### Directions for this task
Apart from the pictures, return every line of the listing exactly.

--- Raw data Enclosed Below ---

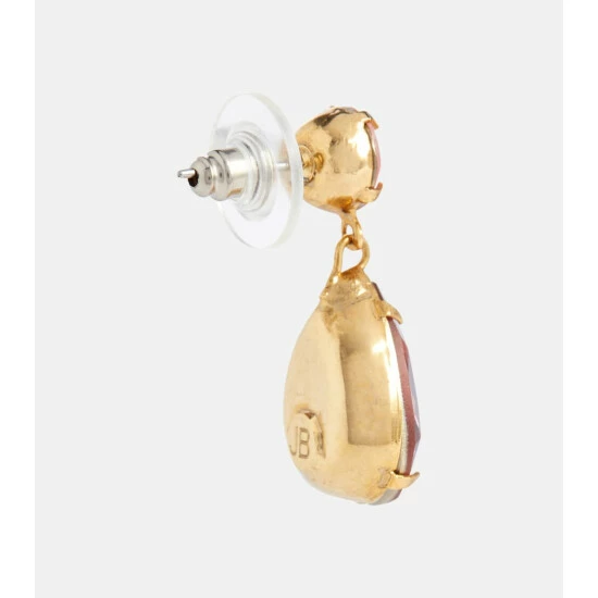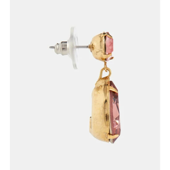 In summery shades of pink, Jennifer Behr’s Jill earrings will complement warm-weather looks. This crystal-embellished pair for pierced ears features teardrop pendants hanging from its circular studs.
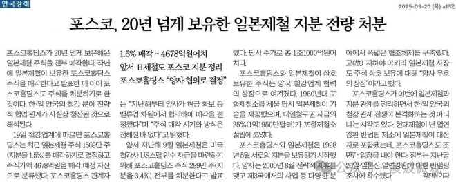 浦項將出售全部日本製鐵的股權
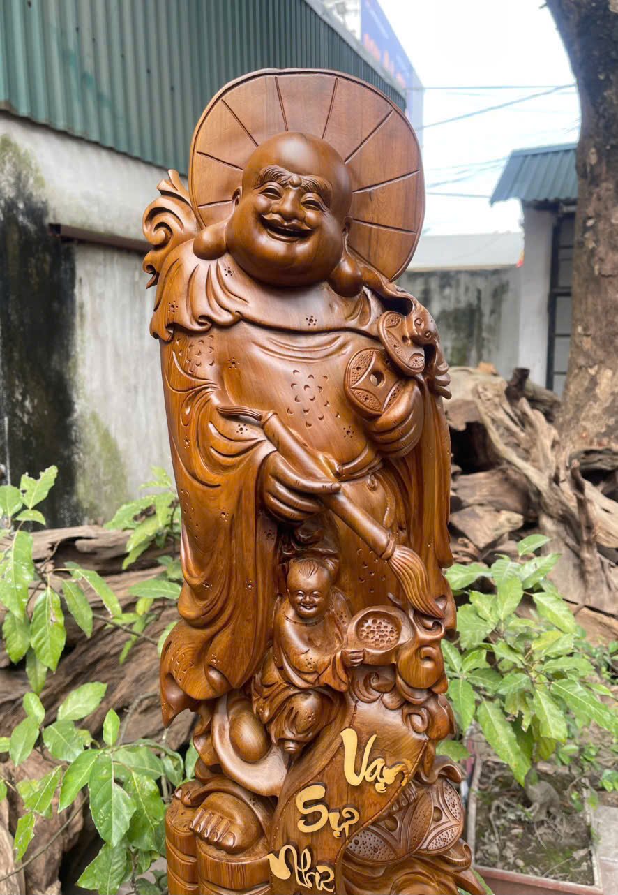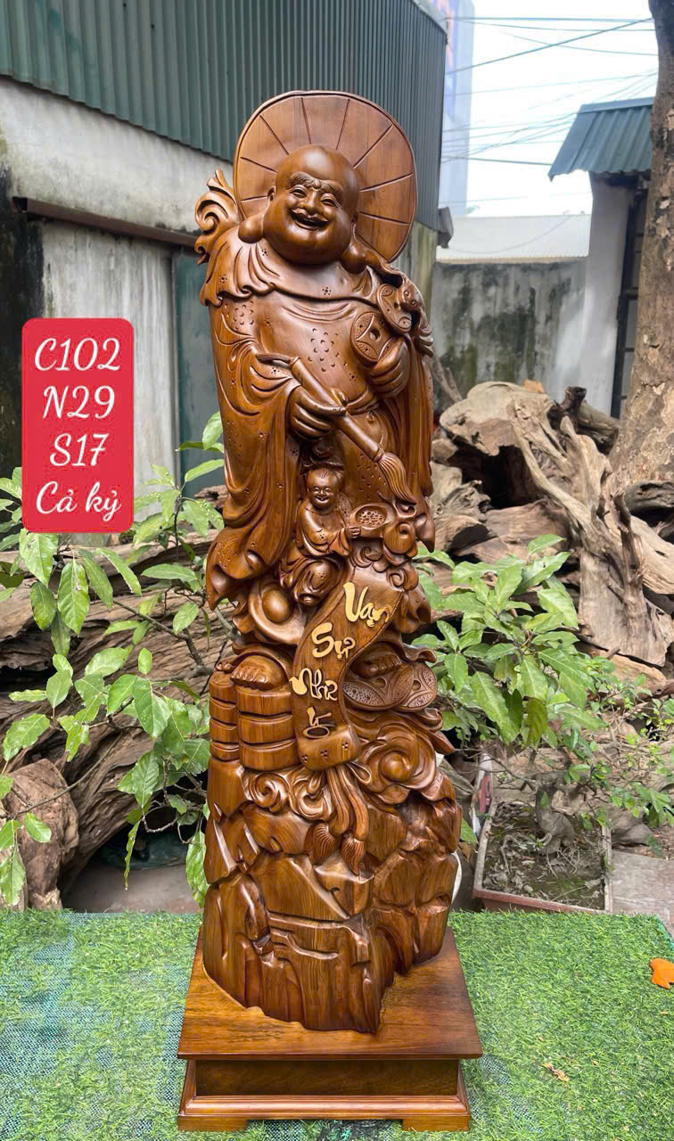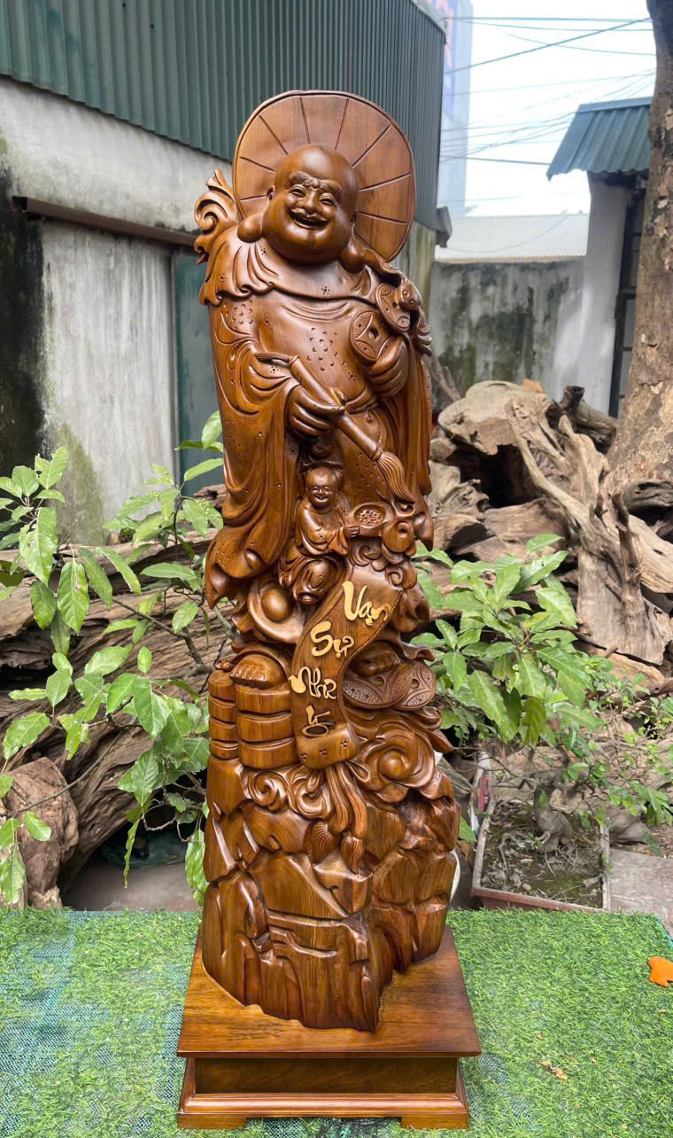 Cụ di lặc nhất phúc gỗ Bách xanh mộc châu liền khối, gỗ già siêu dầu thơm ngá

--- End of Enclosed Raw data ---

### Answer space
 In summery shades of pink, Jennifer Behr’s Jill earrings will complement warm-weather looks. This crystal-embellished pair for pierced ears features teardrop pendants hanging from its circular studs.
 浦項將出售全部日本製鐵的股權
 Cụ di lặc nhất phúc gỗ Bách xanh mộc châu liền khối, gỗ già siêu dầu thơm ngá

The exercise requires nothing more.